**PROBLEM DESCRIPTION**.
Below are records to give again exactly; omit each image they contain.

**PROVIDED RECORDS**.

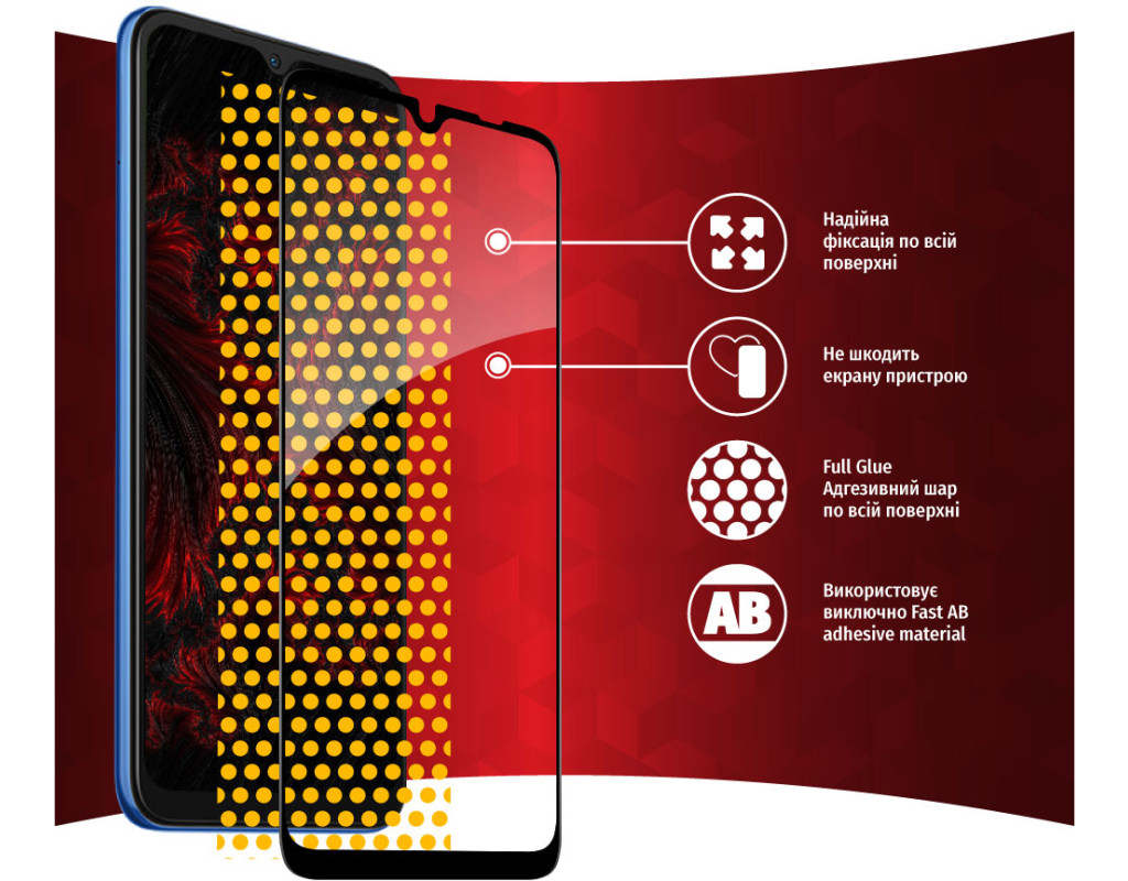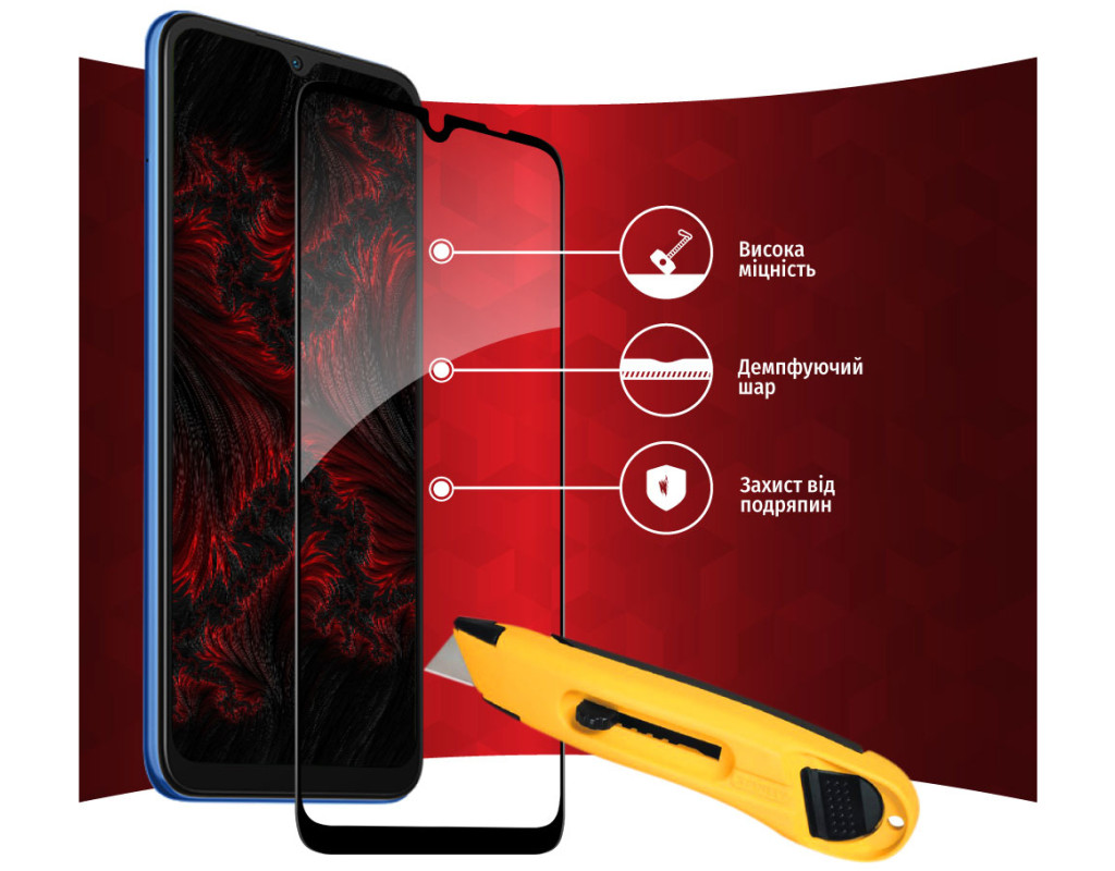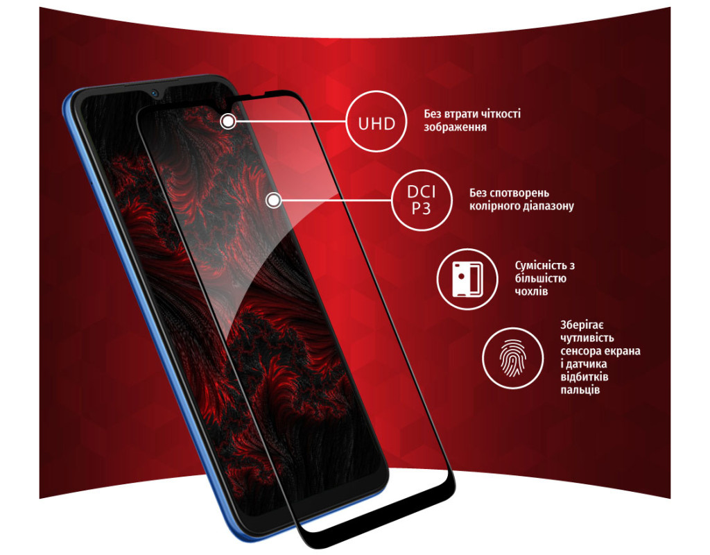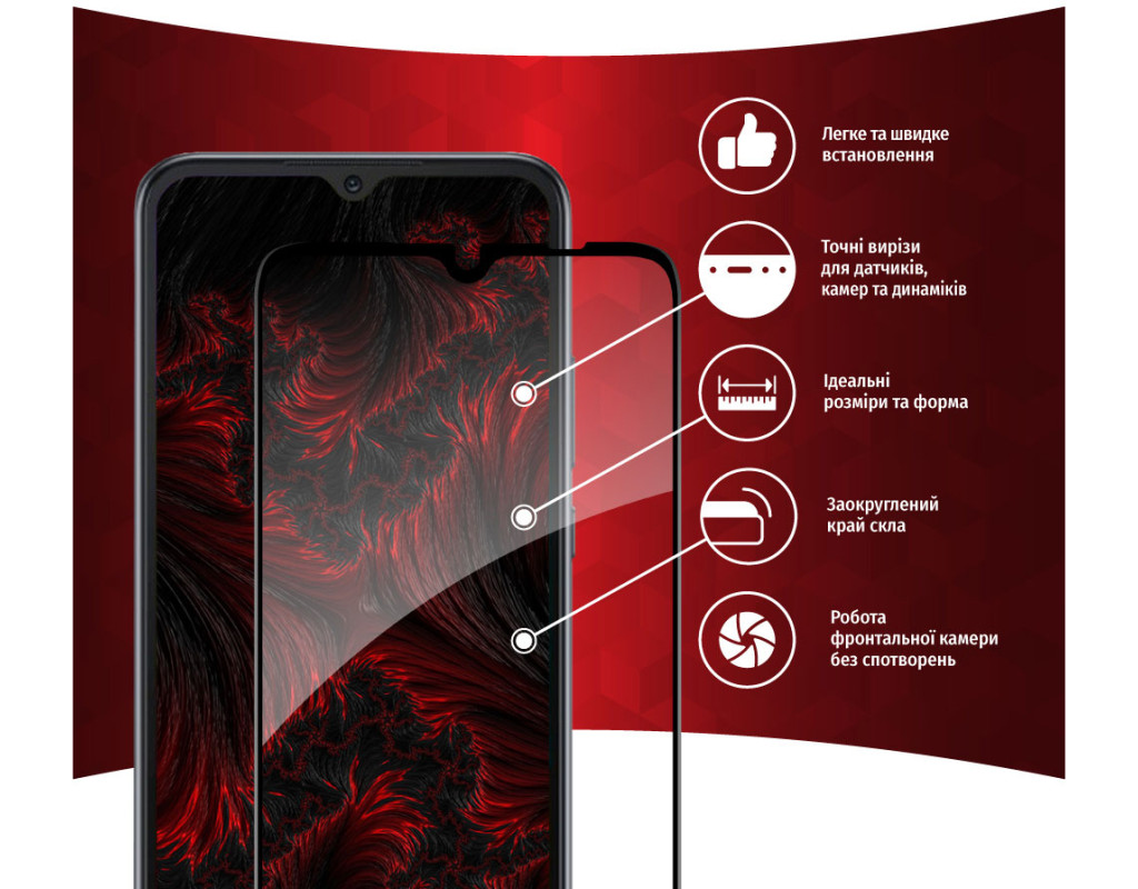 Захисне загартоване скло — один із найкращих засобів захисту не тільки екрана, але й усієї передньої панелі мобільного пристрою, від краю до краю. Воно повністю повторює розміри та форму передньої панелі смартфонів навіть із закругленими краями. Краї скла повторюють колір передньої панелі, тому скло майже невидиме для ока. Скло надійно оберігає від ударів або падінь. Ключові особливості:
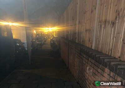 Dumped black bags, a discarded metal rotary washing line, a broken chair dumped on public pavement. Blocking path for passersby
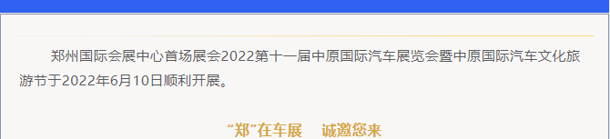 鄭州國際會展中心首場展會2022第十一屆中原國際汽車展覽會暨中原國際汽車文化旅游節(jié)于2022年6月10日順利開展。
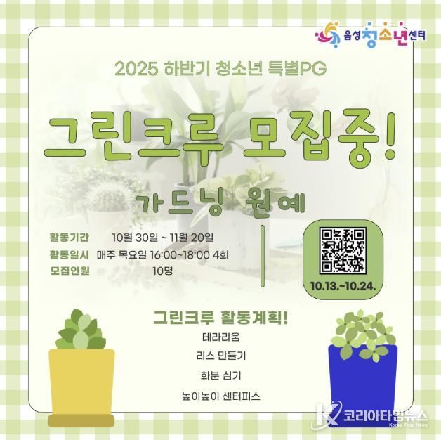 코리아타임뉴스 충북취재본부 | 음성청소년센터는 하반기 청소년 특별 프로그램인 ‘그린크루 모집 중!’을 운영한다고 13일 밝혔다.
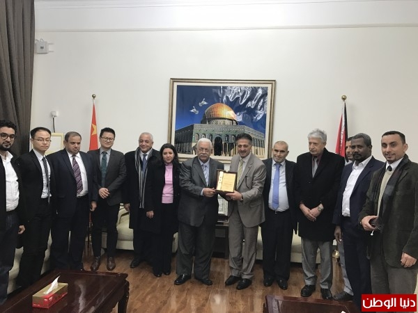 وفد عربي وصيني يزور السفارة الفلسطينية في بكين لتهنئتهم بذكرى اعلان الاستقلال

**TASK RESULT**.
 Захисне загартоване скло — один із найкращих засобів захисту не тільки екрана, але й усієї передньої панелі мобільного пристрою, від краю до краю. Воно повністю повторює розміри та форму передньої панелі смартфонів навіть із закругленими краями. Краї скла повторюють колір передньої панелі, тому скло майже невидиме для ока. Скло надійно оберігає від ударів або падінь. Ключові особливості:
 Dumped black bags, a discarded metal rotary washing line, a broken chair dumped on public pavement. Blocking path for passersby
 鄭州國際會展中心首場展會2022第十一屆中原國際汽車展覽會暨中原國際汽車文化旅游節(jié)于2022年6月10日順利開展。
 코리아타임뉴스 충북취재본부 | 음성청소년센터는 하반기 청소년 특별 프로그램인 ‘그린크루 모집 중!’을 운영한다고 13일 밝혔다.
 وفد عربي وصيني يزور السفارة الفلسطينية في بكين لتهنئتهم بذكرى اعلان الاستقلال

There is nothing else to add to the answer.